Women from 8 studies were asked to complete the St. Mark’s Incontinence Score (SMIS), which represented the most popular PROM. This was followed by the Wexner’s score (n=2) and Fecal Incontinence Severity Index (FISI) (n=2). Symptoms were assessed through a non-validated questionnaire in 4 studies. With regard to quality assessment, a medium risk of bias was found in 14 cases, while only 3 were deemed to have a low risk of bias. All studies with high risk of bias (n=5) were retrospective cohort.

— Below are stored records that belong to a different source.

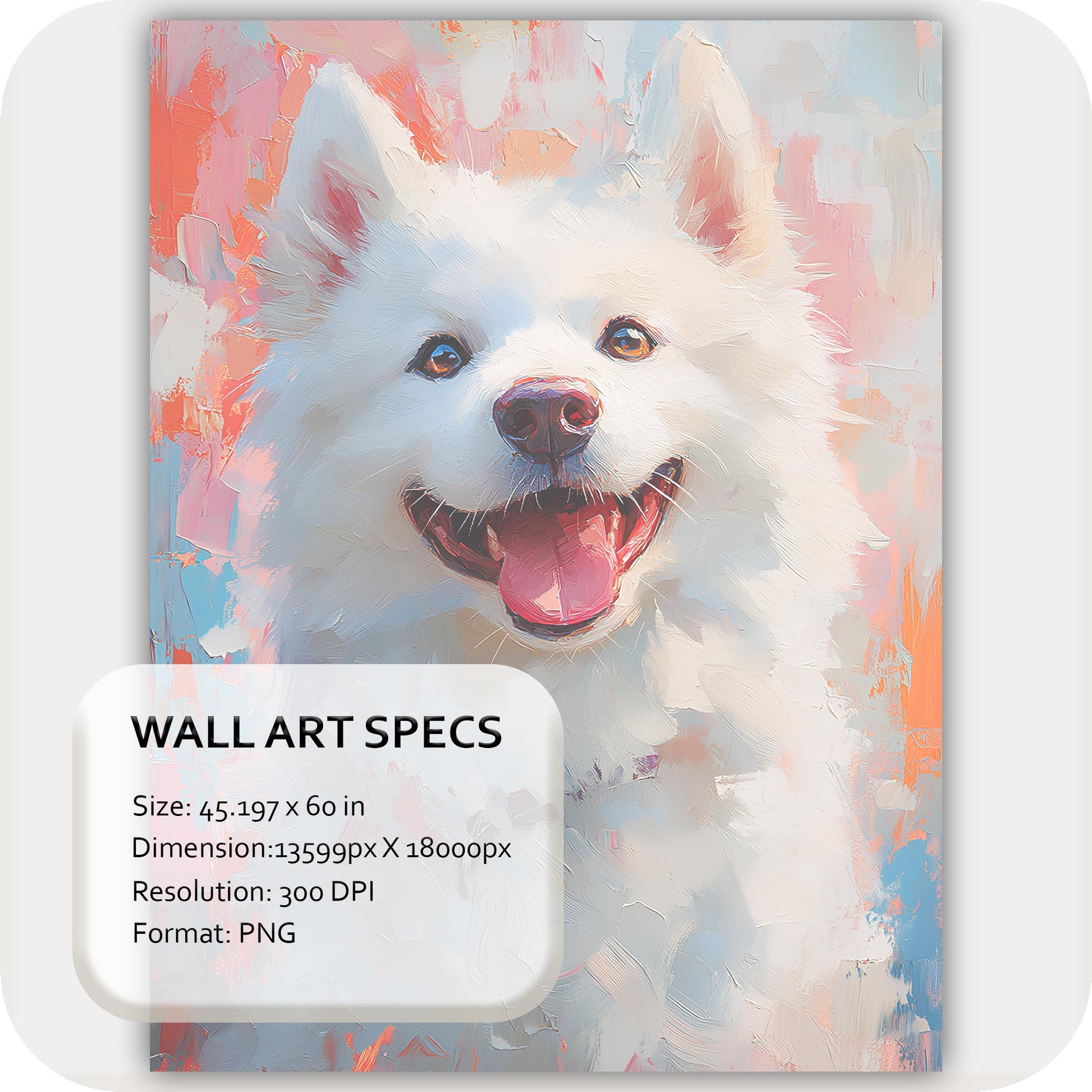 Wall Art Digital Download that captures the joy and warmth of a beloved companion. Radiant Pup features a beautifully painted white dog beaming with happiness, surrounded by soft pastel hues of coral and blue — a piece that radiates positivity and charm. Perfect for pet lovers and modern spaces alike, it adds a heartwarming touch to living rooms, bedrooms, or cozy reading corners.
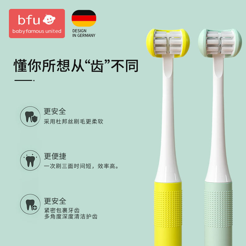 Suning children on three sides toothbrush soft hair 3 to 6 1-12 years old baby child 3d milk toothbrush 2368-Taobao
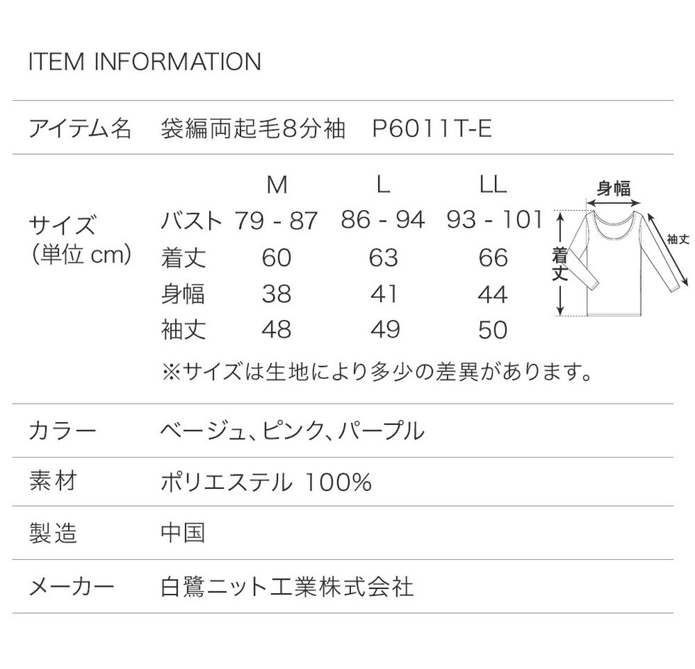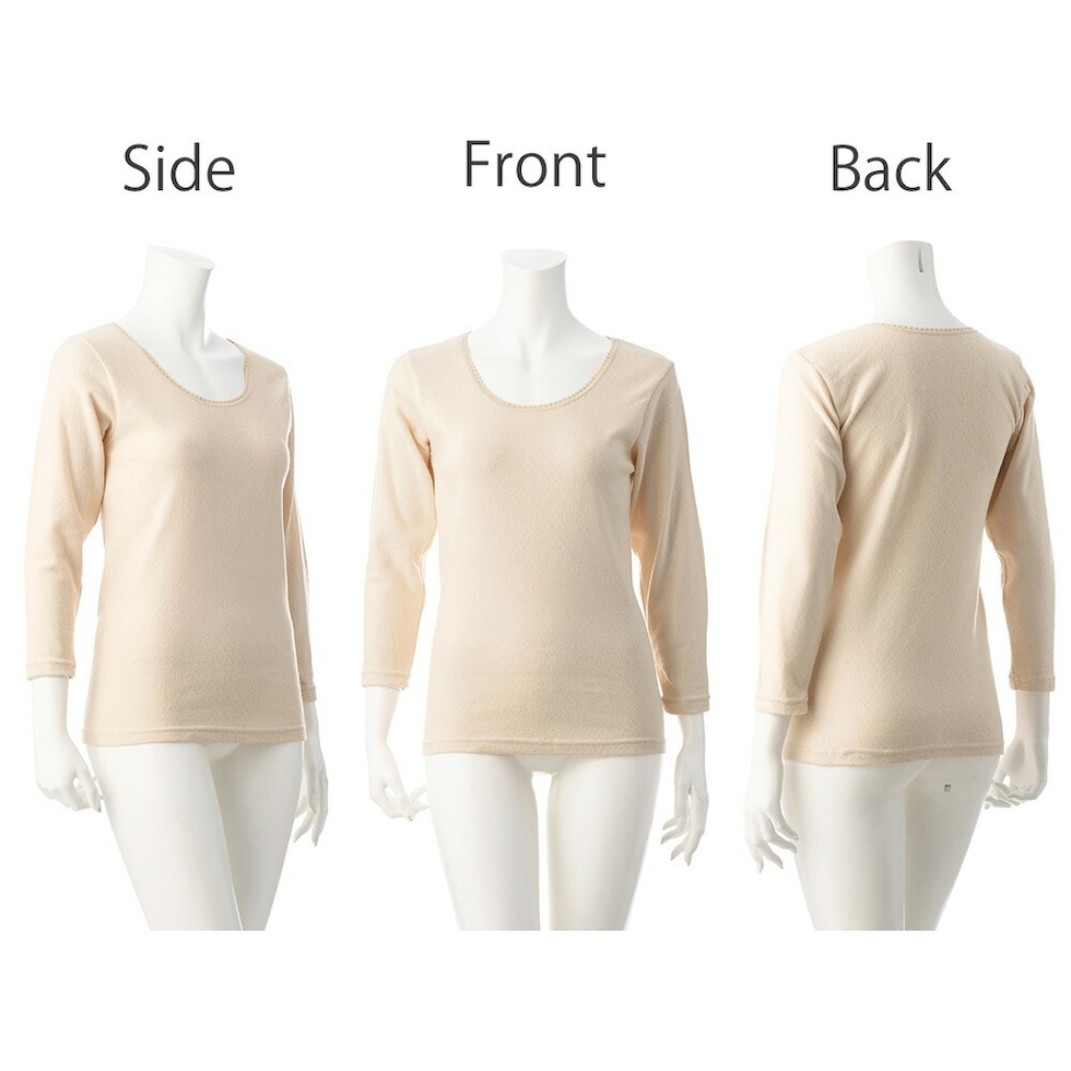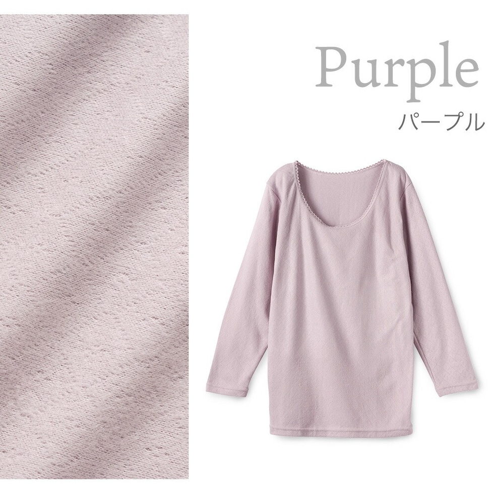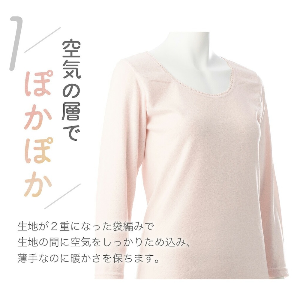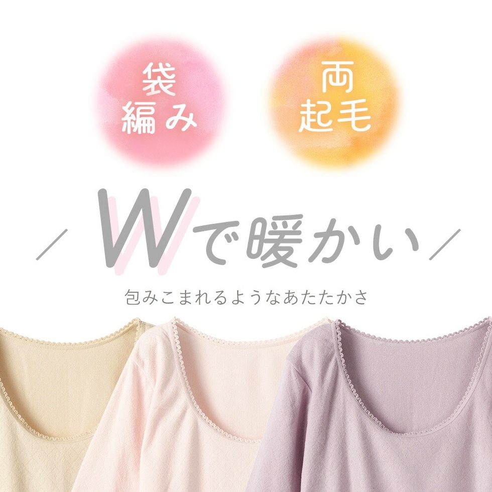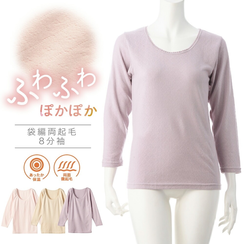 レディース インナー 半袖 裏起毛 袋編み 8分袖 あったか 両起毛 暖かい 微起毛 下着 肌着 婦人 女性 冷房対策 ベージュ/ピンク/パープル M/L/LL P6011T-E

There was a wide variation in the reported prevalence of bowel symptoms and impact of OASI severity across the included studies (Table 1 and 2). Prospective studies showed that major (3c and 4th) tears are associated with a two-fold risk of AI, when compared to minor (3a and 3b) tears. This was not confirmed by retrospective and cross-sectional studies. On the other hand, retrospective studies consistently showed a risk of faecal incontinence (FI) which was two- to four-fold higher for major tears versus minor tears. Prospective studies showed a trend towards worsening AI symptoms for 4th degree tears but this failed to reach statistical significance. Cross-sectional studies with long-term (≥ 5 years) follow-up showed that women with 4th degree tear were more likely to develop AI (RR 1.41-2.27). Out of 3, 2 retrospective studies showed similar findings but the follow-up was significantly shorter (≤ 1 year). Contrasting results were noted for FI rates, as only 5 out of 10 studies supported an association between 4th degree tear and FI. There were only 2 out of 7 studies which revealed an increased risk of flatal incontinence with 4th degree tears. Interestingly, rates of flatal incontinence were no different when major (3c and 4th) were compared to minor (3a and 3b) tears.
Interpretation of results
There are few good quality data on the consequences of perineal ruptures. Most studies investigate bowel symptoms within few months from delivery and confounding factors (e.g. age, parity) were often not taken into consideration when drawing conclusions. As such, meta-analysis was not possible due to different assessment tools, length of follow-up and population included. Also, there was no consistency in the definition of bothersome AI as different score thresholds were adopted. Despite the Sultan classification being introduced over 20 years ago, the majority of the data do not provide detailed outcomes for subtypes of third-degree tears. Interestingly, there were only two prospective studies reporting AI rates for women with major tears. Women suffering from 3c tear or above appear to be at increased risk of AI and FI. However, evidence supporting worse outcomes for fourth- versus third-degree tears is less compelling. This may reinforce the importance of the internal anal sphincter in the mechanism of AI [3].